For my project, I am parsing a JSON string (received from a socket) inside a dedicated function in order to fill a struct used later in my code. The structure is processed and a result JSON is generated back and sent over the socket. Then the code is ready to receive a new socket. Everything works fine during the reception of the first JSON string which gets parsed ok. However, when I receive the second JSON string from my socket, I call the parsing function which fails with a segmentation fault during the first call to json_loads. Sending back twice the same JSON string produces the same behavior.
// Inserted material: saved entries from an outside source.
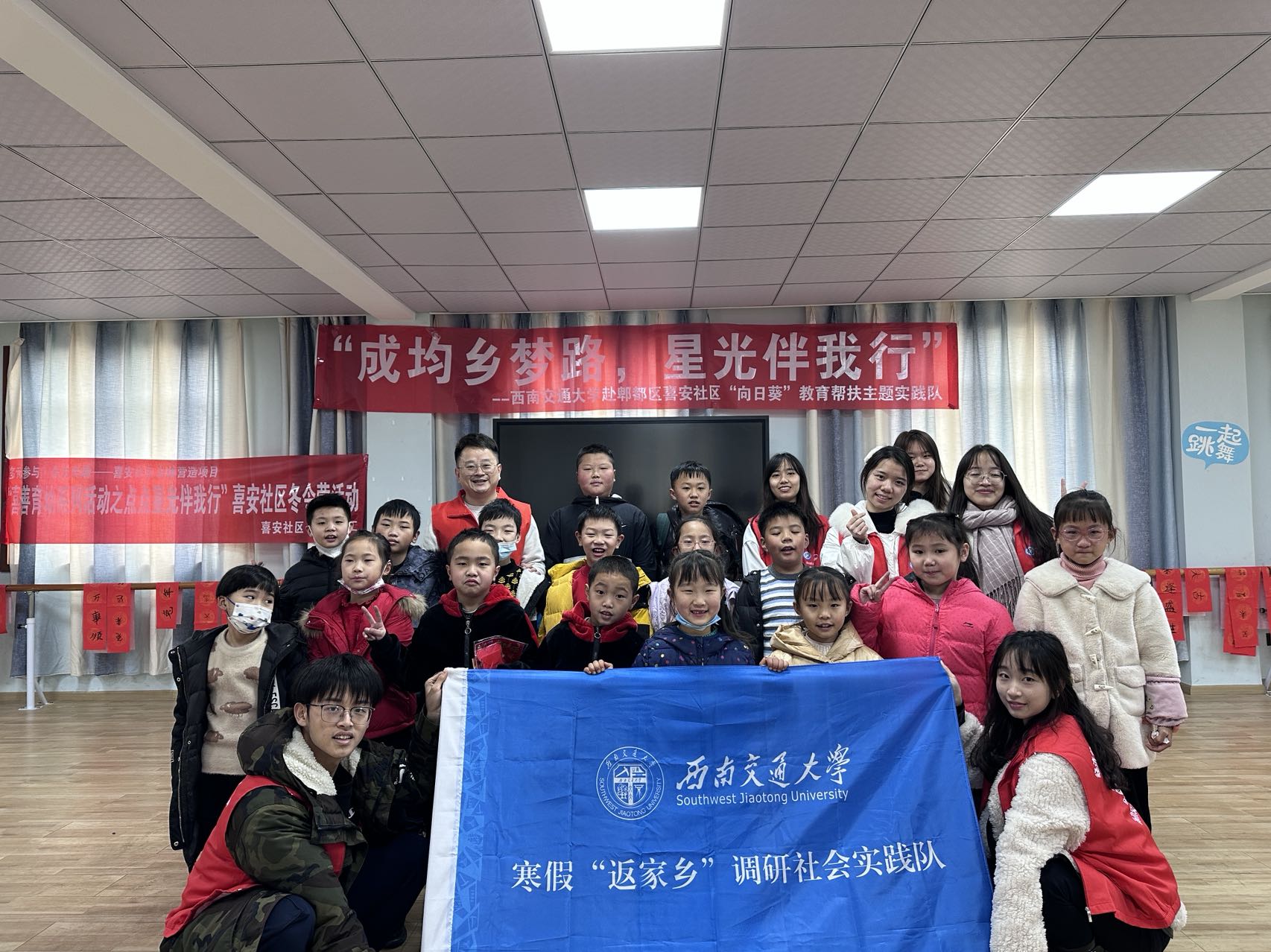 为充分发挥“社会实践作为加强和改进大学生思想政治教育重要途径”的作用,让大学生在实践中长知识、增才干,进一步坚定走中国特色社会主义道路的理想信念,今年会“向日葵”寒假“返家乡”志愿服务队联合郫都区安靖街道喜安社区居委会于1月9日走进社区,开展为期5天的“成均乡梦路,星光伴我行”教育帮扶主题社会实践活动。通过开展趣味课程、文化活动、走访送福等形式,助力基层服务,弘扬中华文化,凝聚青年力量。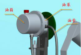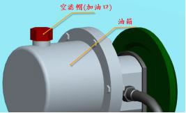 8.加油: 所有部件安裝完畢后就開始給系統加油,加油時擰下空濾帽,空濾帽位置如圖所示,通過油位計觀察其油位,加油至油箱的4/5處即可;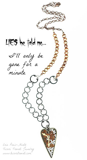 I saw a post that Brenda Schweder had on her Facebook page about a bit of rust she picked up in a parking lot. Coincidentally, I had found the same piece from my own rust farm (i.e. van). She proposed that we make something and share it. I accepted the challenge. This led to the creation of a new series I am exploring called “LIES They Told Me.” That afternoon I met a local boutique owner who was impressed by the story and has asked me to add to this collection and sell it in her shop, so now I need to work on that!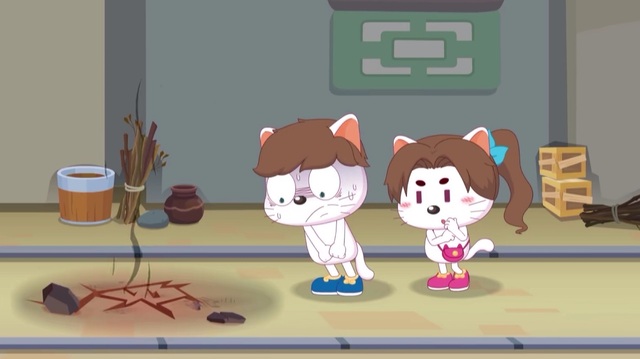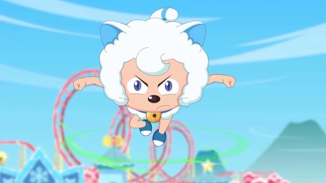 受不了的喜羊羊把可可扔掉了,被懒羊羊接住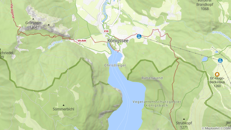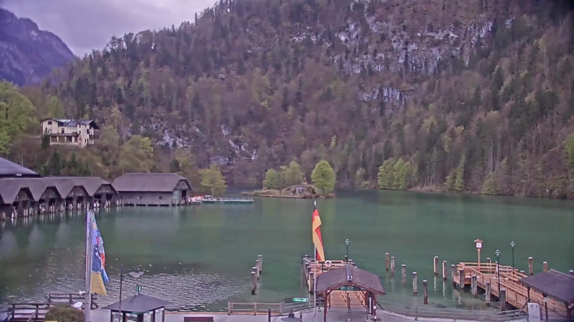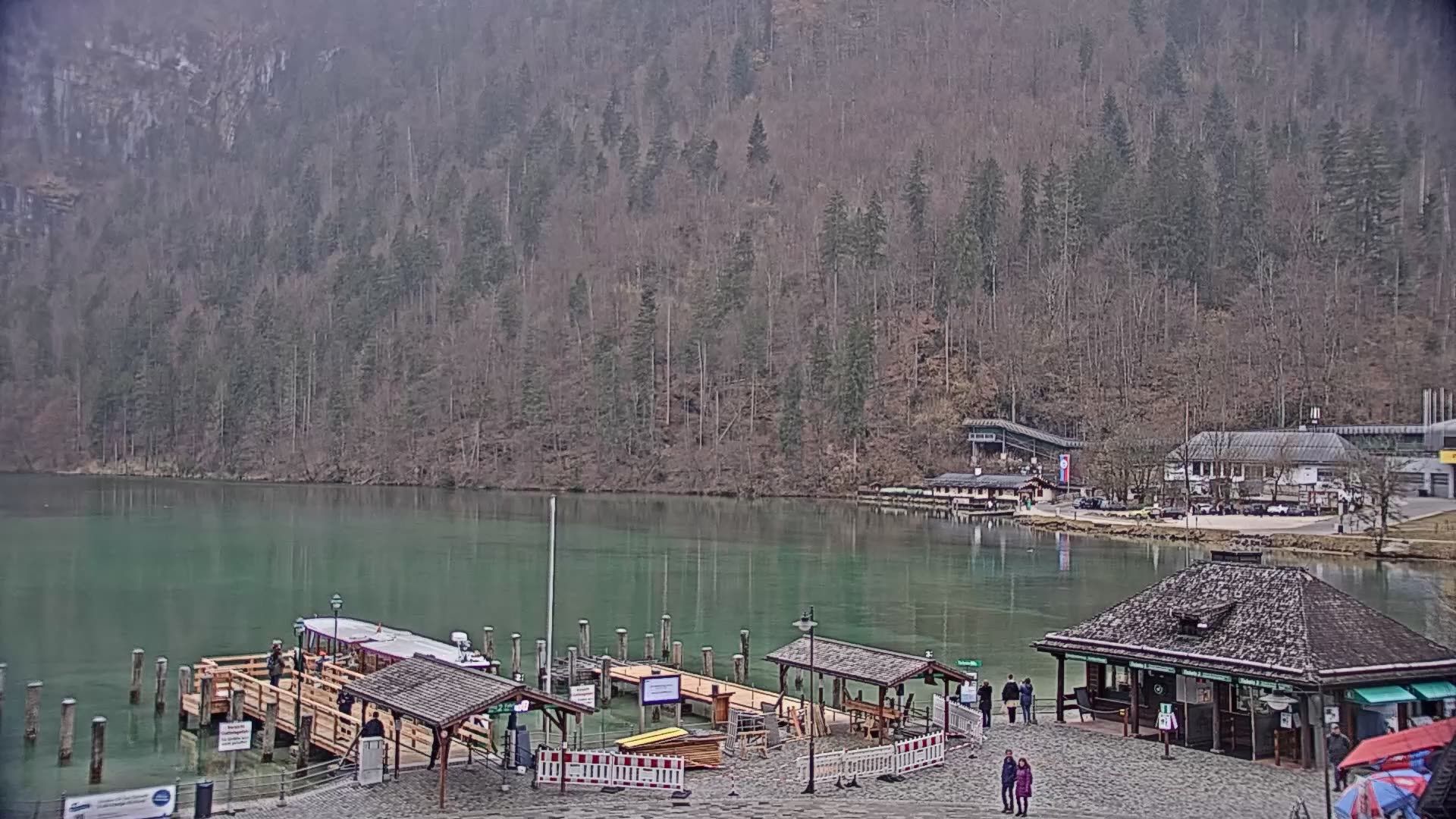 Von der Insel hat man einen schönen Überblick zur Seelände mit dem denkmalgeschützten Hotel Schiffmeister und den Bootswerften der Bayerischen Seenschifffahrt auf der rechten Seite des Sees. Hier werden die Elektroboote nicht nur gewartet und ihre Akkus wieder aufgeladen, sondern auch neue Schiffe der Königsseeschifffahrt komplett neu gebaut.

Here is a snippet to the begining of my parsing function :

int parseRTNetJSONConf(char *buffer,RTNetCommand_t *Command,int verbose)
{
        json_t *root;
        json_error_t error;
    json_t *CMD, *Params, *ID, *Mode,*Len, *Data,*Reference, *Time;
        ...
    CMD = NULL;
    Params = NULL;
    ID = NULL;
    Mode = NULL;
    Len = NULL;
    Data = NULL;
    Reference = NULL;
    Time = NULL;

    Command->ref = 0;
    if (verbose >= VERBOSE_DEBUG_LEVEL)
        fprintf(stdout, "debug: parseRTNetJSONConf - calling json_loads\n");
    root = json_loads(buffer, 0, &error);
        Reference = json_object_get(root,"Ref");
        ....
        json_decref(Reference);
        json_decref(root);
    return result;
}

Function parseRTNetJSONConf gets called in my main in the socket processing loop.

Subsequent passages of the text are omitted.